The Conservative Contingent: Get Government Out Of Education, Mail Delivery

Andrew Lipian, Nick Miller, and Ben Schild

There are quite a few new “rights” that have been asserted recently in the *Review(: most notably, the “right” to an education and, more laughably, the “right” to have your letters carried by a bloated, insolvent, government-owned corporation. I will try to address both of these misguided assertions summarily.

Rights are properly defined as protections from other people and the state. There can be no “right” to health care, education or a pension. These so-called “rights” fall under the category of entitlements because they necessitate that someone else provide a service to you that you cannot provide for yourself.

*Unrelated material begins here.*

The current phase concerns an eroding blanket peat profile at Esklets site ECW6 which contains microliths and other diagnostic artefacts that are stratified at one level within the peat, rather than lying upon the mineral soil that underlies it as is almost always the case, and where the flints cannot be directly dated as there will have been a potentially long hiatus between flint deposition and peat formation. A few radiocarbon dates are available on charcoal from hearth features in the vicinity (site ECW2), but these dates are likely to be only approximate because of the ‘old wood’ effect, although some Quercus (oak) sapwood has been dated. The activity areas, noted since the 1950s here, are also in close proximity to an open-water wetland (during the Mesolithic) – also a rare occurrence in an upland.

I must first preface before I go further and say that when it comes to education, we’ve taken for granted the poisonous idea that we need other people to instruct us in order that we learn. It only really takes 100 hours of focused attention to learn how to read and do basic arithmetic, after which you can potentially learn anything on your own, given gradual progression. Institutionalized schooling provides us with an enormous waste of time in which we are taught to derive our self-esteem from one of five capital letters. Public schools are tasked, naturally, with encouraging critical thinking when nearly all issues about which there is controversy are off-limits to discussion.

When it comes to the views of contemporary liberals, I can without hesitation say that there is no substantive disagreement when it comes to the issue of education. There is always a basic unanimity of opinion that there should be free, government-run and publicly financed primary and secondary education. During the recent education policy panel discussion (“Education Nation,” moderated by President Krislov), this point was driven home clearly by two of the panel members. When prodded about the real solution to falling student achievement, Cleveland Plain Dealer Editor-in-Chief Debra Simmons answered to the extent that we don’t know the solution, but we do know that there isn’t the political will (presumably to fund public schools without limits).

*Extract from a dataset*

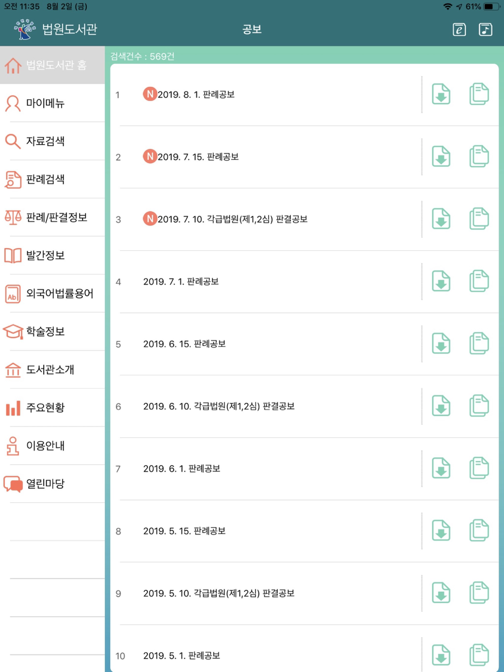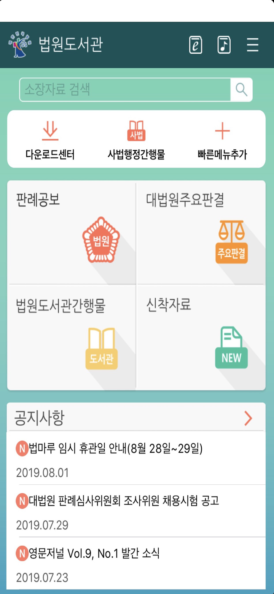 법원도서관에서 스마트폰 서비스를 시작합니다.

For the past 30 years, funding to public schools has increased, class sizes have shrunk, and achievement has flatlined. Still, these are the solutions proposed by so many unimaginative reformers. You might cry out in anger at the notion of removing the government from education, but it is the very thing standing in the way of any new and innovative solution.

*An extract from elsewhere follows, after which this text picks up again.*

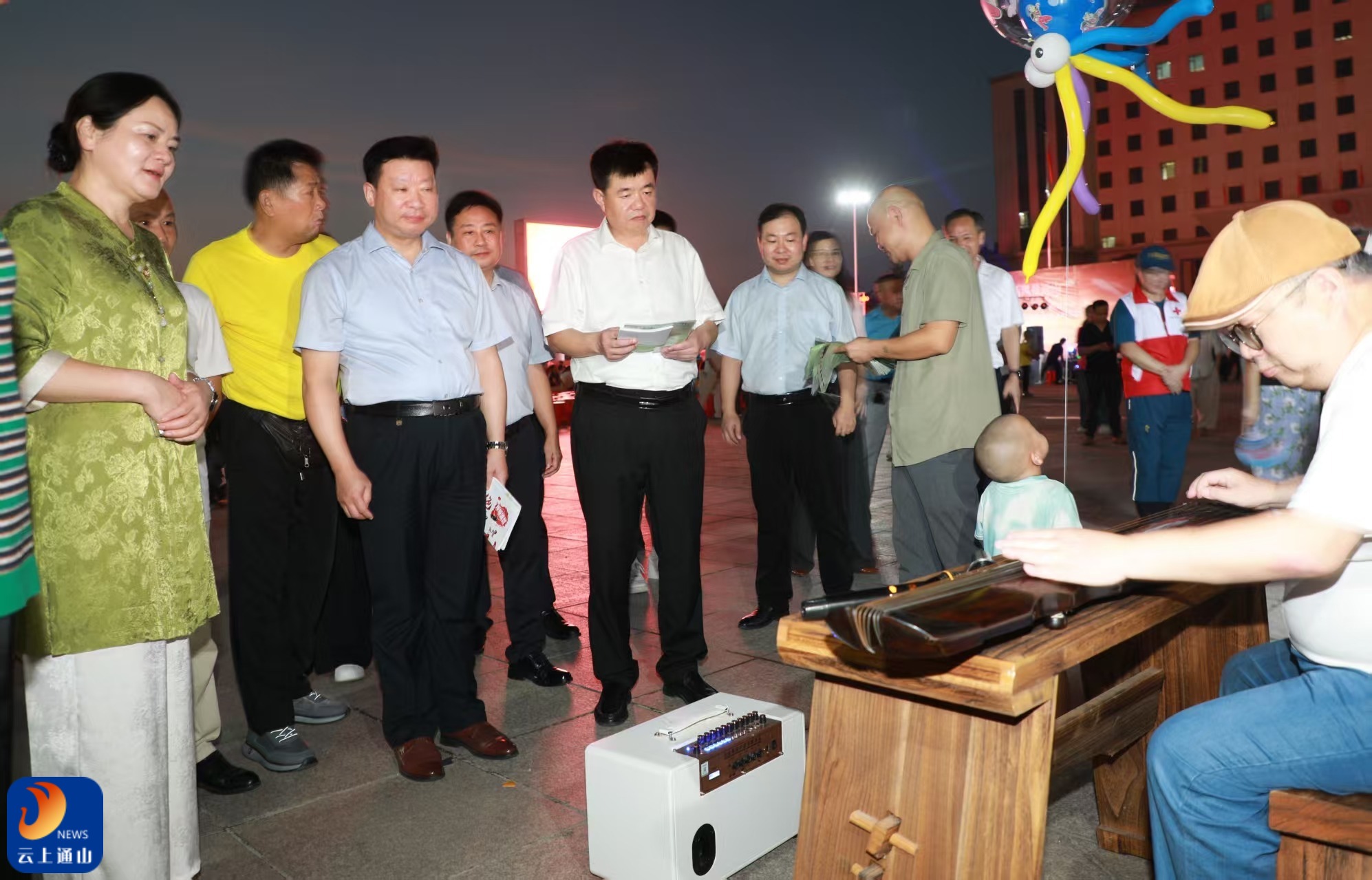 文明实践夜市摊位区里,民生服务、理论政策宣讲、文化文艺体验等六大类服务火热开展,免费理发、健康义诊、中秋花灯制作等项目吸引众多市民参与,杨序元、吴涛一行与摊主、市民亲切交流,询问服务开展情况与市民体验感受。在舞台演艺区,“新串堂班”各民间文艺团队带来山歌山鼓、戏曲、小品情景剧等移风易俗原创节目,讴歌新时代通山新风貌,杨序元、吴涛一行驻足观看,不时为精彩表演鼓掌。吴涛表示,此类活动既贴合群众需求,又能传递文明新风,要持续以群众喜闻乐见的形式,把惠民服务、文化体验送到大家身边。

It is wrongheaded to think that there can be a one-size-fits-all solution to education or first-class letter carrying, or that there would be no other option in the absence of massive failing institutions. There are numerous cases of people being prosecuted for illegally delivering post in direct competition with the government. The USPS could easily be divvied up and sold to private institutions that could provide much better service without hemorrhaging billions of dollars. The challenge that people would lose their jobs if such an entity were dissolved only holds up if it turns out that letter carrying doesn’t involve some measure of skill. This may or may not be the case, but consider that it is costing billions of dollars of public treasure to maintain the employment of about a half a million people.

Once letter carrying is privatized, we can rest assured that all those ignorant Republicans living in rural areas won’t be deprived of some way to send cards and cookies to grandkids without the beneficence of their wizened liberal technocrat overlords.